4,971,254, there is a volume between the needle guide member 18 and
the seat 26 of the valve seat member 20 wherein residual fuel is
when the injector is closed. Upon opening of the orifice, this
residual fuel dumps out of the injector.
The lobe member 30 substantially fills this volume so that the
residual fuel, if any, remaining in the injector when it is closed
is substantiality eliminated. The side surfaces 46 of the lobe
member 30 with the guide member 32 form the side boundary of the
swirl volume 35 as will hereafter be described. The guide member 32
is a stationary guide providing a side or axially extending face of
the swirl volume 35. The guide member 32 cooperates with a lobe
connecting band 36 on the lobe member 30 to guide the needle 18 in
its reciprocal motion. The guide member 32 is secured in place by
retaining means which is not shown.
The lobe member 30, which in the drawings has three equally and
angularly spaced lobes 38, 39, 40, is secured to the needle 18 and
therefore reciprocates with the needle. In order to prevent the
lobe member from rotating the radius of the outer periphery or side
surface 46 of each lobe decreases in the clockwise direction as
viewed in FIG. 2. Other methods of preventing rotation may be used
such as positioning of a step in the guide member 32 so that the
lobes can not rotate. Such a step would be to prevent the volume 35
from decreasing. The three lobes are connected by a lobe connecting
band 36 which also functions to guide the needle 18 in the guide
member 32. The lobes, when the needle 18 is seated on the valve
seat member 22, provide a small axial swirl volume 35 extending
axially along the side surface 46 of the lobes 38, 39, 40, to the
valve seat member 22 surface and therealong another small swirl
volume 34 to the aperture 24 in the valve seat member 22. In the
preferred embodiment, the volume 34 between the bottom surface 44
of the lobes and the valve seat is very, very small so as to reduce
the residual volume. It is not reduced to zero by intimate contact
in order to prevent the fluid from forming an adhesion force, fluid
sticking, tending to hold the lobes 38, 39, 40, in contact with the
valve seat member 22. The round surface 42 of the end 20 of the
needle 18 seals the aperture 24 and also limits the capacity of the
swirl volume 34.
The guide member 32 is a cylindrically-shaped member having a
conical end that is designed to fit within the conical shaped valve
seat member 22 and held there by a retaining means, which is not
shown. The portion of the guide member 32 along its axis has an
opening of such a size and shape so as to receive the lobes 38, 39,
40, in a close tolerance fit on at least two sides of the lobes and
having the bottom surface of the lobes in a close tolerance fit
with the valve seat member. The third side in cooperation with the
lobe member 30 forms an axially extending volume 35 of
predetermined size.
When in operation, the solenoid is energized to axially move the
needle 18 off of the valve seat member 22. As the needle 18 begins
to move, the very small amount of residual fuel, if any, is dumped
out of the injector and the fuel entrapped in the swirl volume 34
between the bottom of the lobes and valves seat begins to flow
along the valve seat to the aperture 24. As the capacity of the
swirl volume 34 increases commensurate with both the quantity and
velocity of the flow, the fluid leaving the injector is at its
desired level of swirl from the beginning and maintains that level
throughout the full range of the volume of flow.

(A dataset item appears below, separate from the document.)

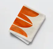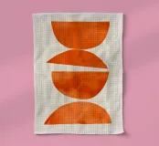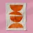 Ein abstraktes Kunstwerk mit kräftigen orangefarbenen Halbkreisformen, die vertikal auf einem hellen Hintergrund gestapelt sind.

As the needle 18 moves further off the valve seat member 22, the
lower portion 34 of the swirl volume increases and the fluid in the
swirl volume 34, 35 flows along the valve seat member 22 between
the surface of the seat and the bottom surface 44 of the lobes 38,
39, 40. This high velocity, low pressure fluid moving across the
upper and lower boundaries of the swirl volume 34 urges the movable
upper boundary, the bottom surface 44 of the lobes 38, 39, 40,
toward the lower boundary which is the surface of the valve seat
member 22, which is in opposition to the magnetic force lifting the
needle 18. Therefore, when the power is removed from the solenoid,
this pressure drop across the moveable member of the swirl
generator operates to assist in the returning of the needle 18 to
the valve seat member 22 and closing the valve.
The geometry of the swirl generator 16 and its mating parts
provides damping means to eliminate bounce of the valve member,
both on opening and closing. On opening, viscous damping is
provided between the axial surface of the lobes 38, 39 and 40 and
the adjacent surfaces in the guide member 32. On closing, the
squeeze volume in the volume 35 provides fluid sheet damping. Of
course, the volume 34 must be so created to avoid fluid or
hydraulic sticking between the adjacent surfaces.
The geometry of the fluid path from the upper surface of the lobes
38, 39, 40 to the aperture 24 is in two portions. The first portion
35 is an axial path from the top of the lobes to the surface of the
valve seat member 22 without any flow restrictions. The second
portion 34 is a spiral converging path ending at the aperture 24.
The second portion 34 of the swirl volume changes its volume as the
needle 18 is retracted causing the fluid flow speed to increase
hence forming a pressure drop across the swirl generator 16. The
volume of the first portion is comparatively larger than the volume
of the second portion 34. The dynamics of the design of the first
and second portion are such that if the volume of the second
portion is not converging and the area remains large, the area of
low pressure is greater and the assist on the closing is greater.
It is obvious that one must balance the area of low pressure and
the amount of residual volume to achieve the desired
characteristics of the injector.
While there has been illustrated a three-lobe lobe member 30, it is
apparent that the number of lobes is a design choice.
* * * * *